Win 98 service pack may draw tepid response

Microsoft plans to issue its first service pack for Windows 98 early next year, with added support for Universal Serial Bus modems, a common modem driver model for Windows 98 and NT 5.0, some security fixes and tools for easier administration. The service pack is expected to address the date-rollover glitch that caught the company by surprise last month.

Microsoft plans to issue its first service pack for Windows 98 early next year, with added support for Universal Serial Bus modems, a common modem driver model for Windows 98 and NT 5.0, some security fixes and tools for easier administration.
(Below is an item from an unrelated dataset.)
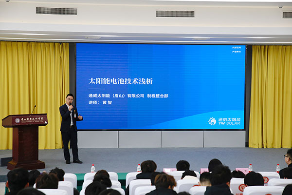 科技創(chuàng)新、科技普及是實(shí)現(xiàn)創(chuàng)新發(fā)展的兩翼,科技人才是創(chuàng)新發(fā)展的強(qiáng)大動(dòng)力。為深入貫徹落實(shí)黨的二十大精神和習(xí)近平總書記來(lái)川視察重要指示精神,弘揚(yáng)科學(xué)精神,傳播科學(xué)思想,普及科學(xué)知識(shí),促進(jìn)科技人才的成長(zhǎng)和提高,促進(jìn)學(xué)校工作與社會(huì)發(fā)展的共同進(jìn)步,12月14日,眉山市2023年“最美科技工作者”學(xué)術(shù)交流會(huì)在眉山職業(yè)技術(shù)學(xué)院隆重舉行,眉山市科學(xué)技術(shù)協(xié)會(huì)副主席夏放主持,通威太陽(yáng)能眉山基地總經(jīng)理助理、黨總支書記姚騫受邀作為眉山市首屆“最美科技工作者”代表攜眉山基地技術(shù)骨干與莘莘學(xué)子授課交流,學(xué)校師生近300人參與其中。

The service pack is expected to address the date-rollover glitch that caught the company by surprise last month. The bug occurs only when a person boots up at the exact moment the PC’s clock rolls over to a new day, causing the PC’s calendar clock to move ahead erroneously.
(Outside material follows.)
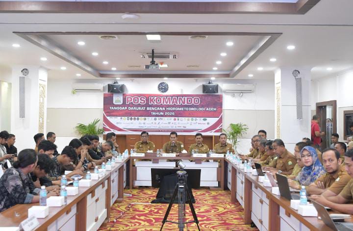 Sekretaris Daerah (Sekda) Aceh, M. Nasir, menerima kunjungan audiensi Aliansi Mahasiswa se-Aceh di Posko Penanganan Bencana Pemerintah Aceh, Selasa (13/1/2026). Pertemuan ini bertujuan untuk menyinkronkan data lapangan serta menjelaskan langkah-langkah strategis yang telah diambil pemerintah dalam menangani dampak bencana banjir besar di Aceh.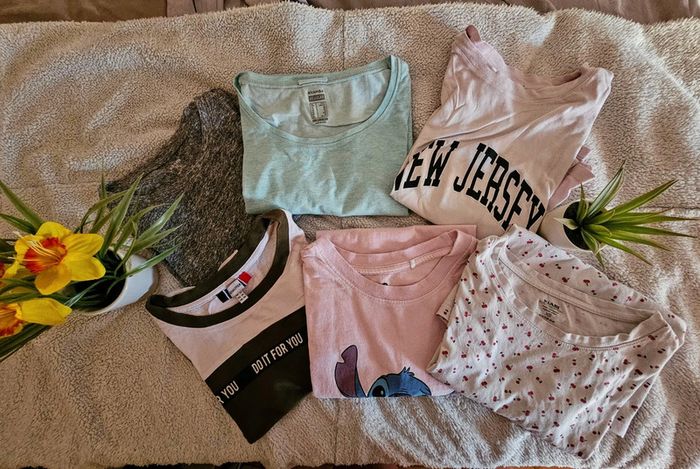 🍫 lot de 5 tee shirts taille XS 🍫 + 1 offert. ( tee shirt court jenyfer ) Le lot est composé de : 🍒 1 tee shirt kiabi avec motifs cerises - bon état. 🎀 1 tee shirt Disney Stitch - bon état 🦳 1 tee shirt Kiabi gris chiné - très bon état 📘 1 tee shirt bleu ciel chiné- très bon état 💜 1 tee shirt tye and die mauve très clair - très bon état #loteeshirtxs #teeshirtsxs #lotxsfemme #pitch13011_mondressing #pitch13011_vêtementsfemme

Users don’t appear to be clamoring for the service pack, in part because corporate adoption has been relatively slow.

That’s because Windows 98 is new and isn’t perceived as providing huge benefits over Windows 95, users and analysts said.
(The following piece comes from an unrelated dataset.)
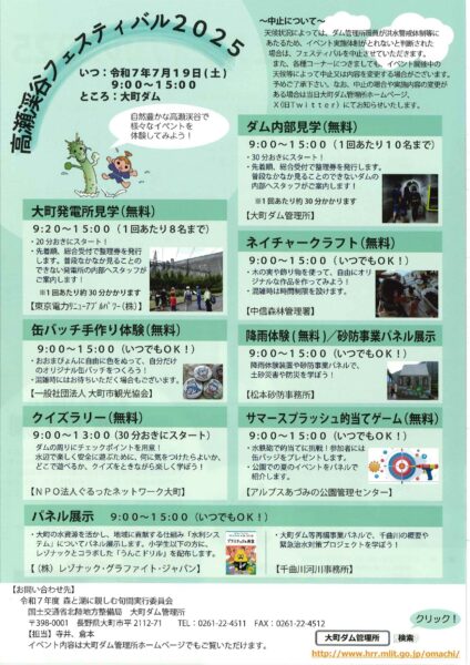 大町ダムにて今年で36回目の高瀬渓谷フェスティバルを開催します。

Windows 98 also is less buggy than Windows 95 was before the release of its first service pack, so most users don’t have a critical need for the Windows 98 service pack, said John Dunkle, an analyst at Portsmouth, New Hampshire-based Workgroup Strategic Services Inc. Users are finding some benefits, however.

At Brewers Retail Inc. in Mississauga, Ontario, technical operations manager Larry Garden said a common driver model between Windows 98 and NT will eliminate the time spent writing to separate drivers.

Garden added that users with dial-up connections have fewer problems connecting to the network with Windows 98 than with Windows 95 -- which is why he has them using it.

“With Windows 98, we can set up people’s network properties on an individual basis based on the number they’re dialing in from, so it’s easier to prevent conflicts that cause time-outs,” Garden said.

Other featured enhancements and fixes in Windows 98 include the following:

-- Support for device bays, which allow peripherals such as hard drives to be swapped in and out of a PC more easily.

-- Wake-on-LAN technology, which allows for remote start-up of a networked PC from a low-power state for upgrades and maintenance.

-- Fixes for an Internet Explorer security issue, which prevents a script running in one Web browser window from affecting other windows running simultaneously.

The Explorer security issue involved the ability of malicious script in one browser window to potentially cause problems for script in another window if both were running at the same time, according to Microsoft spokeswoman Kim Akers.

Also included is support for extended characters in Visual Basic file names, the ability to stores files more quickly and the ability to have dial-up connections over Asynchronous Transfer Mode networks.